How long does Connect with Veggies take to make?

Total time is about 50 minutes (20 min prep + 30 min cook). Most home cooks find this fits comfortably into a weeknight; double the batch on Sunday for two dinners.

How do I store leftover Connect with Veggies?

Cool to room temperature within 2 hours, then store in an airtight container in the fridge for up to 4 days. Reheat covered in a 350°F oven for 10-12 minutes, or microwave at 70% power in 60-second bursts to keep cooked quinoa from drying out.

Can I substitute ingredients in Connect with Veggies?

Yes — most ingredients in this recipe have flexible swaps. For oil, use any neutral high-smoke-point oil (avocado, grapeseed, refined coconut). For aromatics, dried herbs at ⅓ the volume of fresh work in a pinch. The full ingredient list is shoppable on Instacart so you can see substitutes in real time.

How do I scale Connect with Veggies for a different number of people?

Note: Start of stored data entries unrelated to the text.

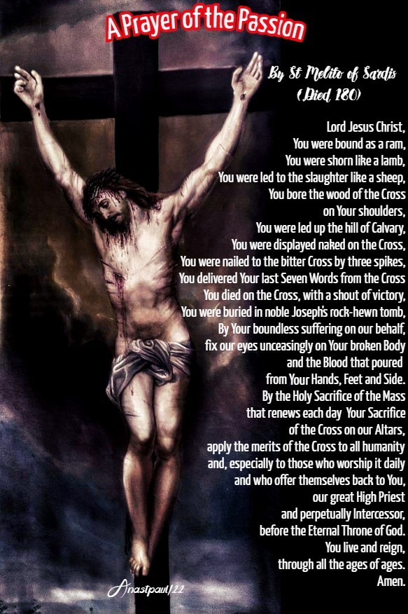 A Prayer of the Passion By St Melito of Sardis (Died 180) Bishop of Sardis, Apologist, Father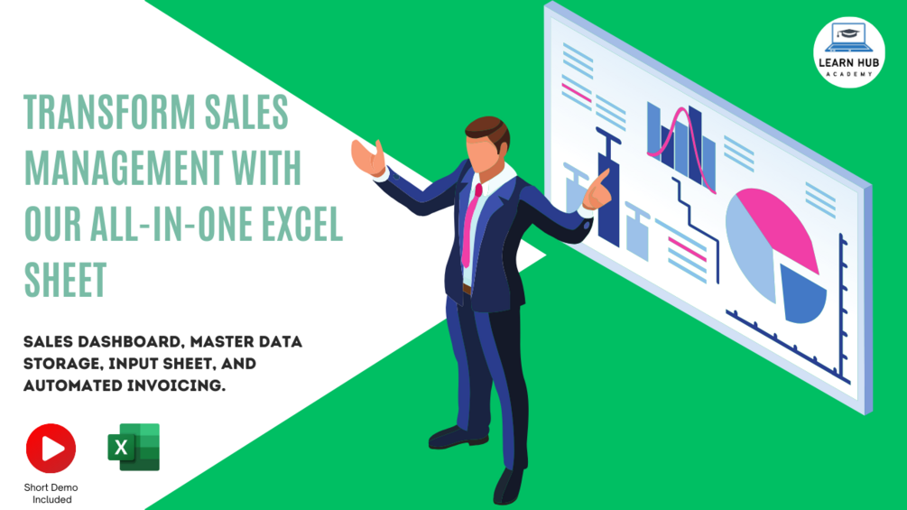 Our all-in-one Excel spreadsheet revolutionizes sales management by providing a powerful sales dashboard, a master data storage for products, an easy-to-use input sheet for sales tracking, and an automated invoice system. With customizable theme colors, seamless data input, and streamlined invoicing, businesses can maximize sales, optimize productivity, and make data-driven decisions to drive sustainable growth. In addition, we offer a short demo that provides a comprehensive overview of our spreadsheet solution.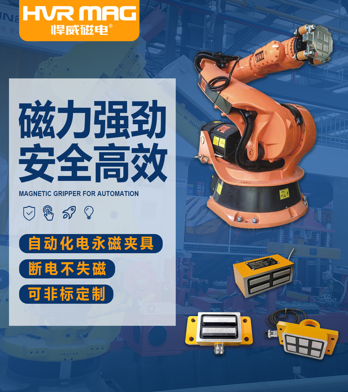 連接到自動化設(shè)備或操縱機器人的電永磁鐵可以由PLC操作。通常僅需要3秒就能使自動化設(shè)備上的磁鐵完成上磁和消磁操作,大大降低人工成本并提高客戶車間的生產(chǎn)率。
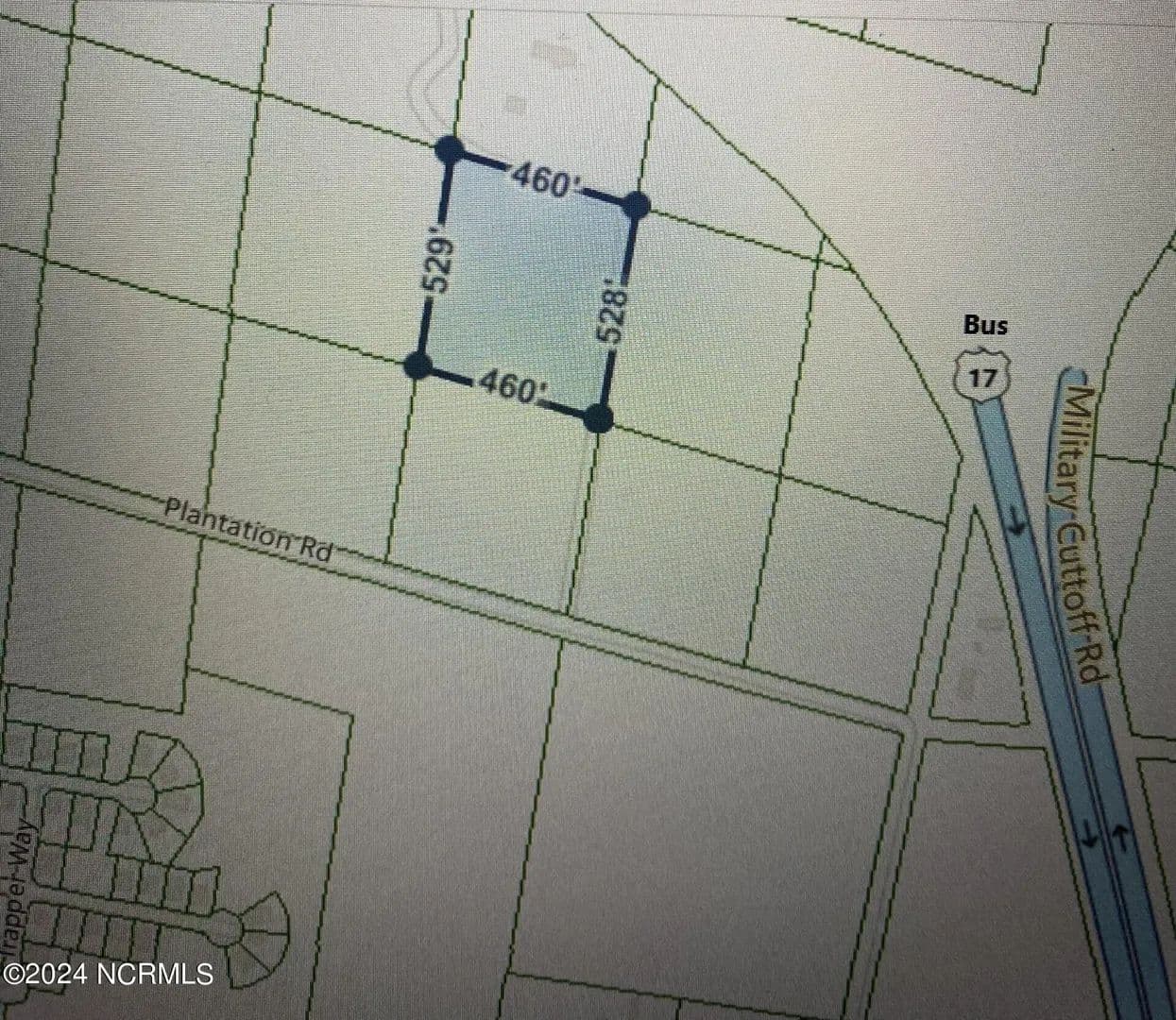 Investors take note! Over 10 acres in these 2 parcels of undeveloped, wooded land which is off the new Military Cutoff Extension. Cape Fear Public Water Authority accepted bids on 06/13/2024) for the installation sewer lines to be installed along Plantation Road. Greenview Branches located between Porters Neck and Murrayville. The 2 tracts are only being sold together.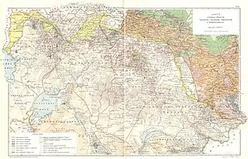 NTD of the area along ethnic lines had been proposed as early as 1920.[8][9] In Tsarist times the general area of modern Kazakhstan was composed of four regions (oblasts); west-to-east these were Ural (plus part of Transcaspian Oblast, Turgai, Akmolinsk and Semipalatinsk. All four oblasts had been created by a Decree of Tsar Alexander II of October 21 ( November 2) 1868.[10] On 26 August 1920 the Kirghiz Autonomous Socialist Soviet Republic (KASSR, located within the Russian Soviet Federative Socialist Republic, RSFSR) was created from these four provinces (briefly joined together in this period in the short-lived Alash Autonomy), with the northern border of the ASSR essentially following that of the former four oblasts, though adjusted in places to reflect local demographics, however disputes over specific areas of the boundary continued into the following year.[11] Note that at this time Kazakhs were referred to as ‘Kyrgyz’ and what are now the Kyrgyz were deemed a sub-group of the Kazakhs and referred to as ‘Kara-Kyrgyz’ i.e. mountain-dwelling ‘black-Kyrgyz’).[12][13] The areas west of the Ural river associated with the Kazakh Bukey Horde were claimed by both the KASSR and Astrakhan Oblast, with most of the area going to the KASSR in 1921, including Kurmangazy and Sinemorsk.[14] Elsewhere, some Russian-inhabited areas of the four oblasts, such as Omsk, were transferred to Russia.[15][16][14]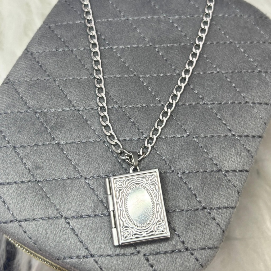Relicário Masculino Livro + Corrente 60cm em aço Inox Antialérgico com 2 Fotos + Caixinha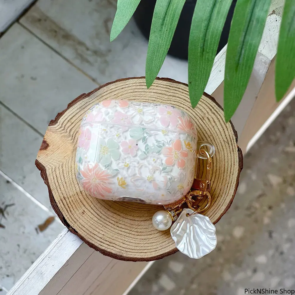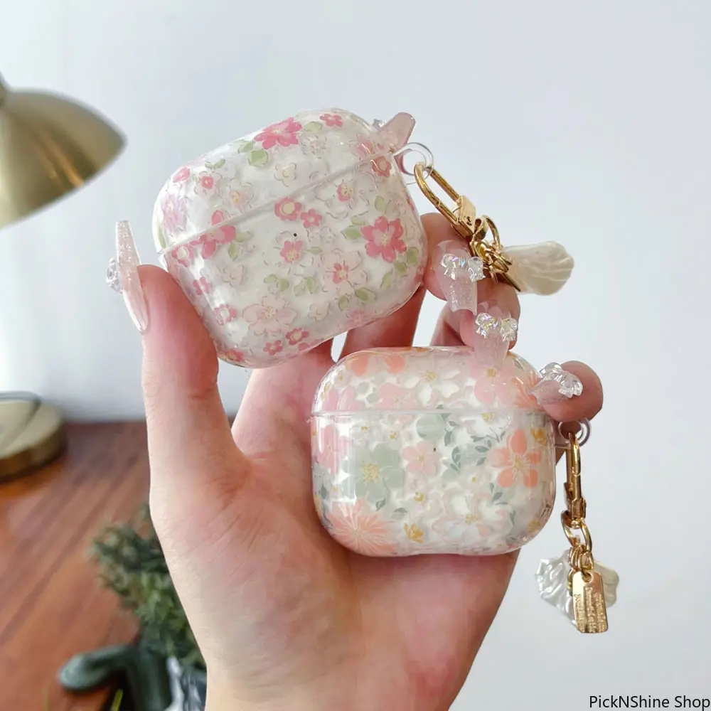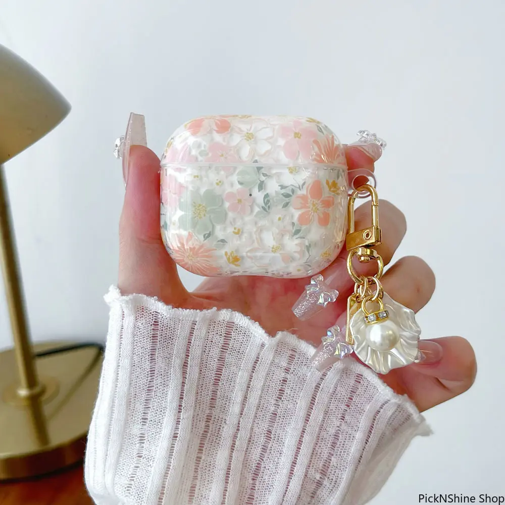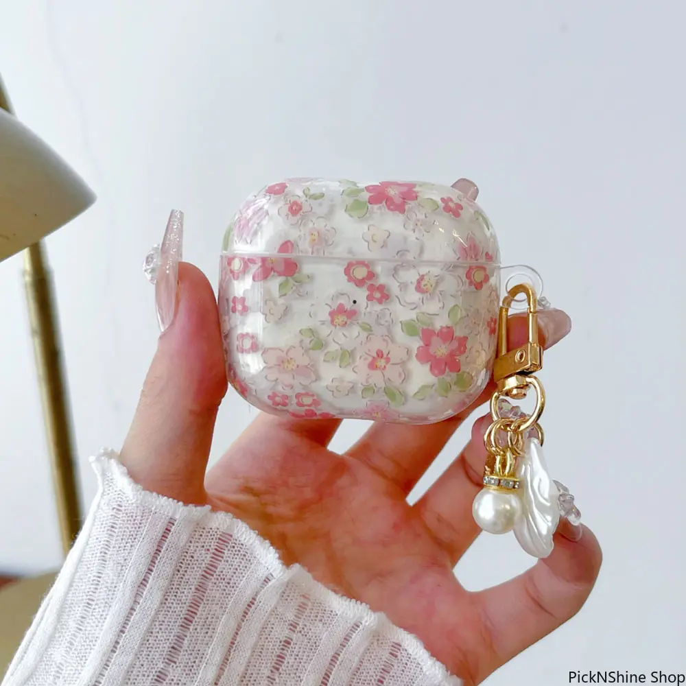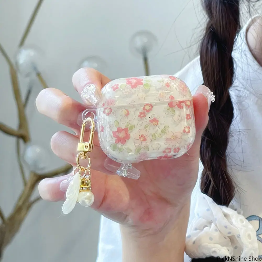Soft Silicone Earphone Case With Cute Clear Pink Flower Pendant, Protective Cover Compatible With AirPods Series Models, Flexible Anti-Drop Shell For Wireless Charging And Daily Carrying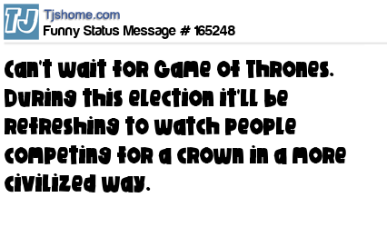 X says Can't wait for Game of Thrones. During this election it'll be refreshing to watch people competing for a crown in a more civilized way.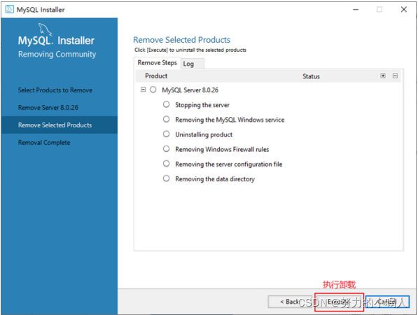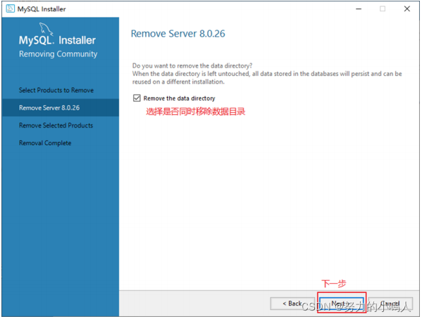 如果想要同时删除MySQL服务器中的数据,则勾选 Remove the data directory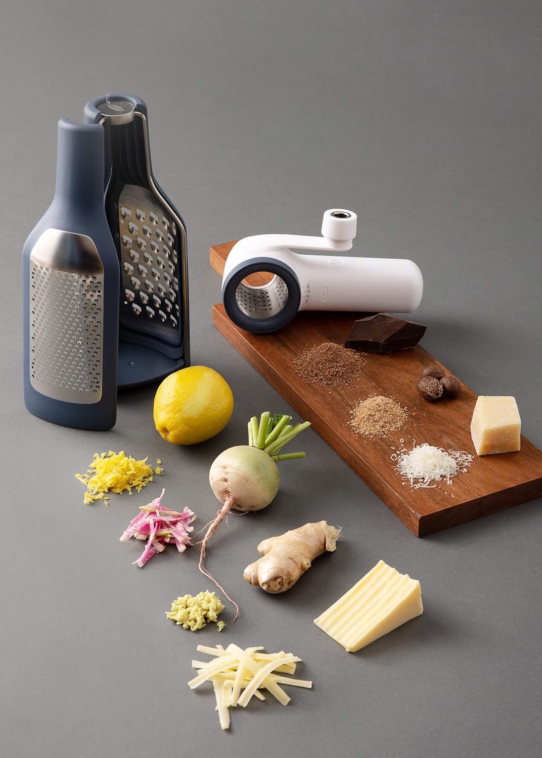 A cheese grater with a Chef’n spin on issues. Our tackle a basic software, the Chef’n Rotary Grater is designed to allow you to regulate what you are grating, and it comes aside for simple cleansing too. This intelligent rotary grater has a spring-loaded chamber, so you do not have to push as you grate. The re-imagined hand grater has open sides that allow you to see how a lot you are grating. Simply flip the geared deal with with the easy-to-grip knob, for quick and comfy grating straight over dishes. The high-quality reducing blade is sturdy and non-absorbent, with rust-resistant tooth that keep sharp. The right addition to each cheese lover’s kitchen. Items come aside for simple cleansing. Hand wash really useful for blade. Select good, easy-to-use kitchen utensils which might be constructed on tasteful design, new applied sciences, and the trusted fame of Chef’n.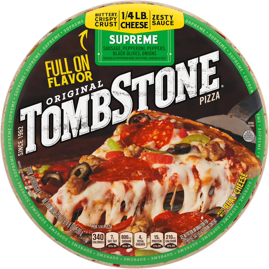 Original Tombstone Supreme Pizza 20.8 Oz "Per 1/4 Pizza: 340 Calories, 16g Total Fat, 30mg Cholesterol, 800mg Sodium, 35g Total Carbohydrate, 15g Protein" ![]() |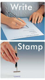 High class metal writing instruments with pre-inked stamp technology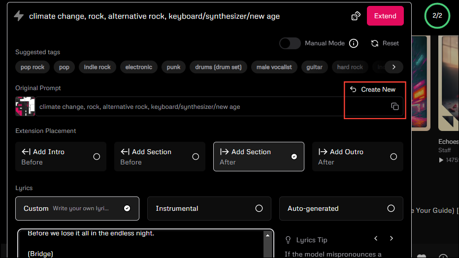- When extending a song, you can go back to the original prompt by clicking on the copy icon on the original prompt. Similarly, you can start a new creation using the 'Create New' button.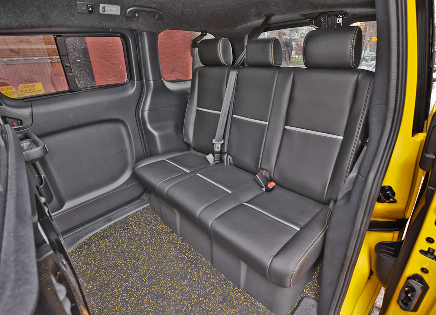 NV200 綜合了日產廠方、Taxi Limousine 協會、Cooper Hewitt 國立藝術館,以及的士司機、車主和乘客的意見,並考慮到公共空間及智能應用需要。所以它不僅可以乘坐 4 人及行李,而且車門改用趟門、加設輔助腳踏及扶手方便上落客,乘客位設有獨立冷氣出風口、閱讀照明、地台照明、12V 車用充電插頭、USB 端子 2 個,從多角度方便乘客。車頂採用全景車窗設計(備有太陽擋),對於遊客來說更是不可多得的設備。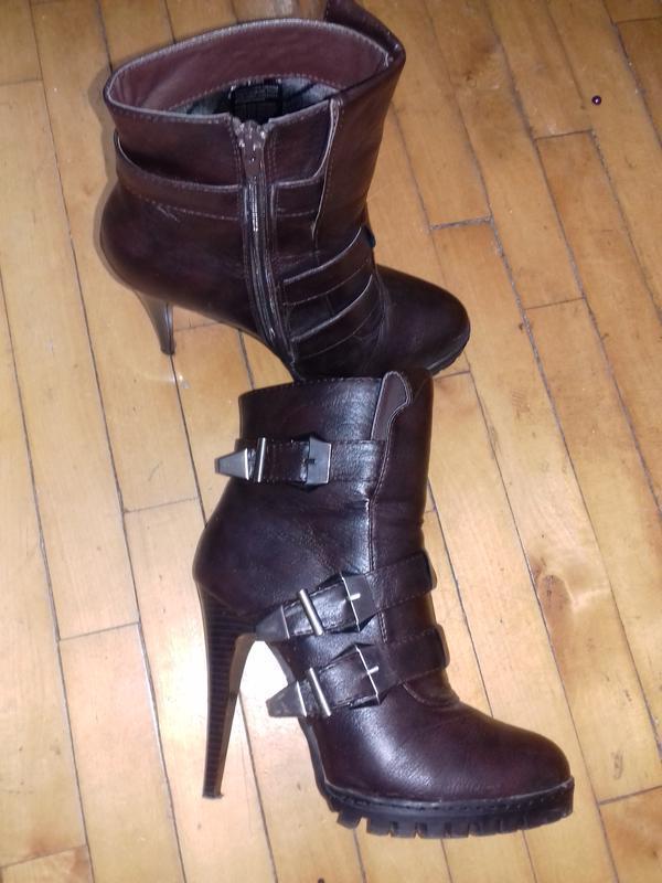 Коричневі черевики з пряжками. Одягалися 2-3рази,в дуже хорошому стані. Шкірзамінник. Розмір 40.-прибл 25,5-26см стелька. Каблук- 12см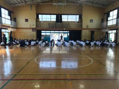 2年生が体育館に集まっています。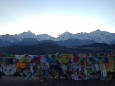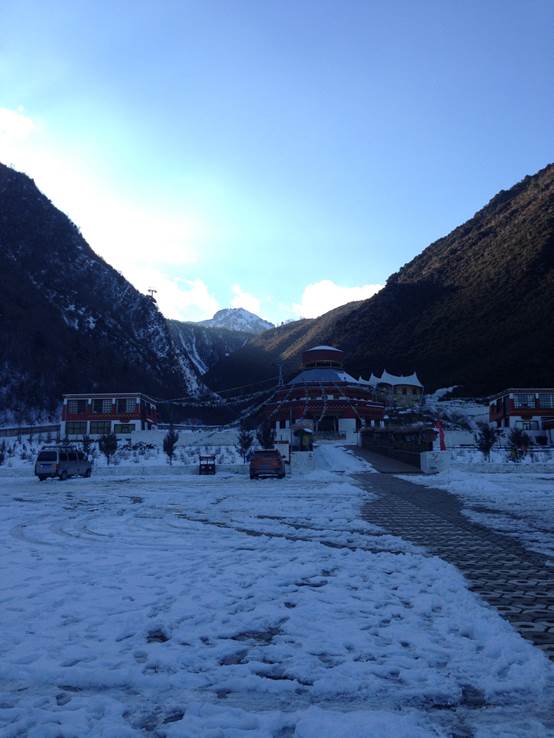 路过德钦县继续向前开10km左右就是飞来寺景区了,我们选择了住在飞来寺旁的缅茨姆商务酒店,这样第二天一早就能看到日出了。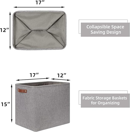 HNZIGE Tall Storage Baskets for Shelves, Rectangular Fabric Organizer with Handles, Decorative Closet Storage Bins (Grey)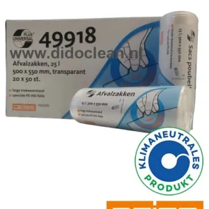 - U bestelt per doos van 20 rollen (=1.000 afvalzakken)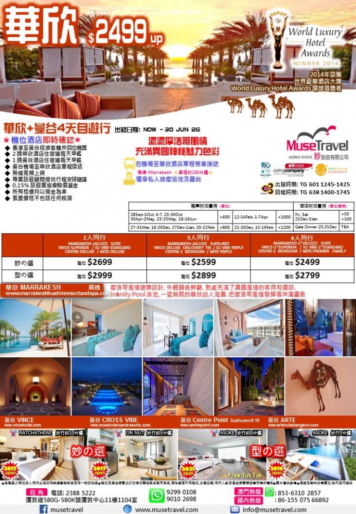 ◆ 1 晚曼谷酒店住宿連每天早餐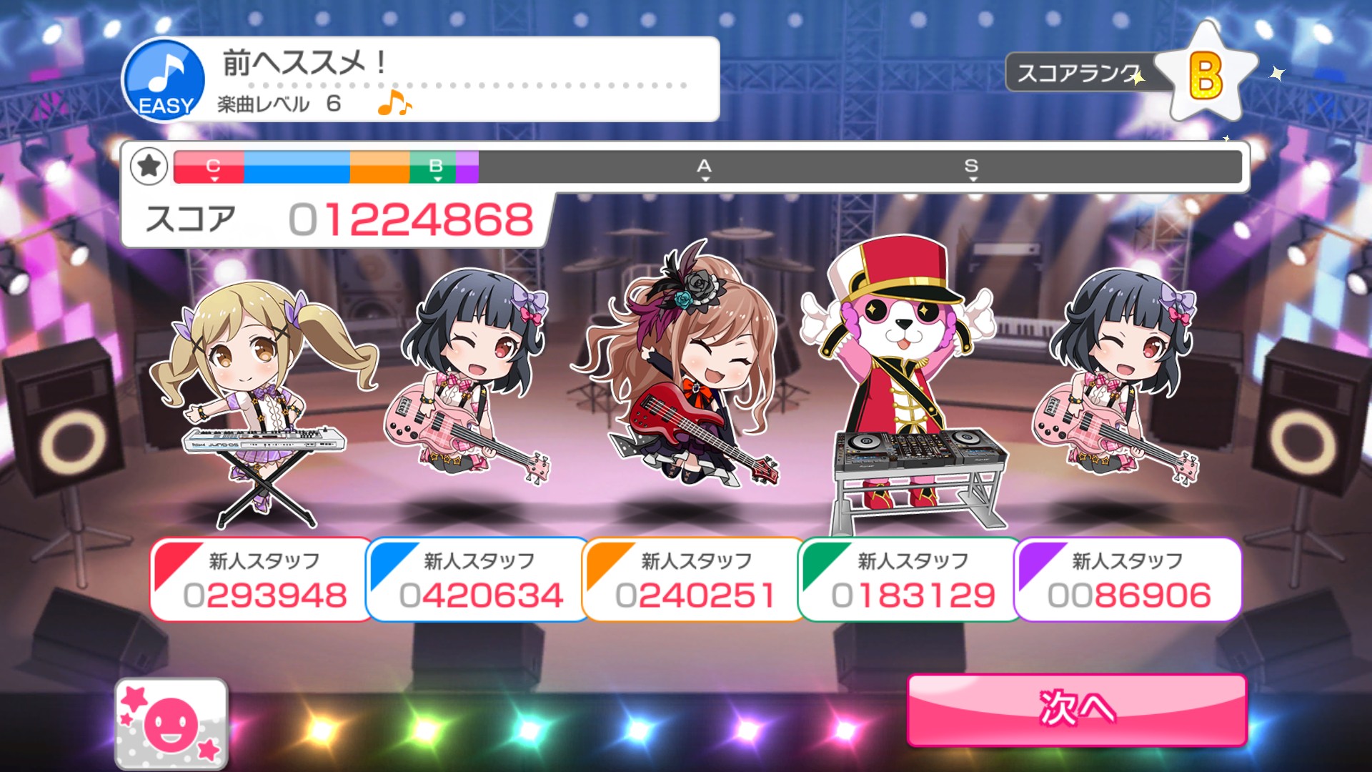 アドベンチャーパートでは、キャラクターのエピソードを見ることで経験値とが貯まるので、そこでプレイヤーランクと各バンドのバンドランクを上げてストーリーを開放していきます。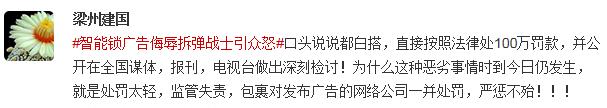 針對此次“凱迪仕智能鎖”“拆彈磚家”廣告事件,有網友認為平臺應該承擔相應責任。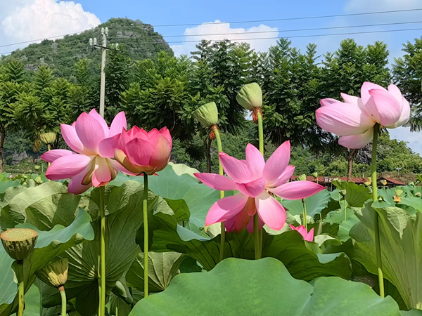 如果说水是普者黑的底色,那随处可见的蓬蓬勃勃云样的荷,就是涂抹在底色上的色彩斑斓。

The recipe is written for 4 servings. Multiply each ingredient by (your serving target / 4). Cook time stays roughly the same up to 2x; for 3-4x batches, switch from a skillet to a sheet pan or stockpot so the food isn't crowded — overcrowding steams instead of browns.

Is Connect with Veggies vegan option?

Yes — this recipe is tagged vegan option based on its ingredient list. Always cross-check labels for packaged ingredients (sauces, broths, condiments) since formulations vary by brand.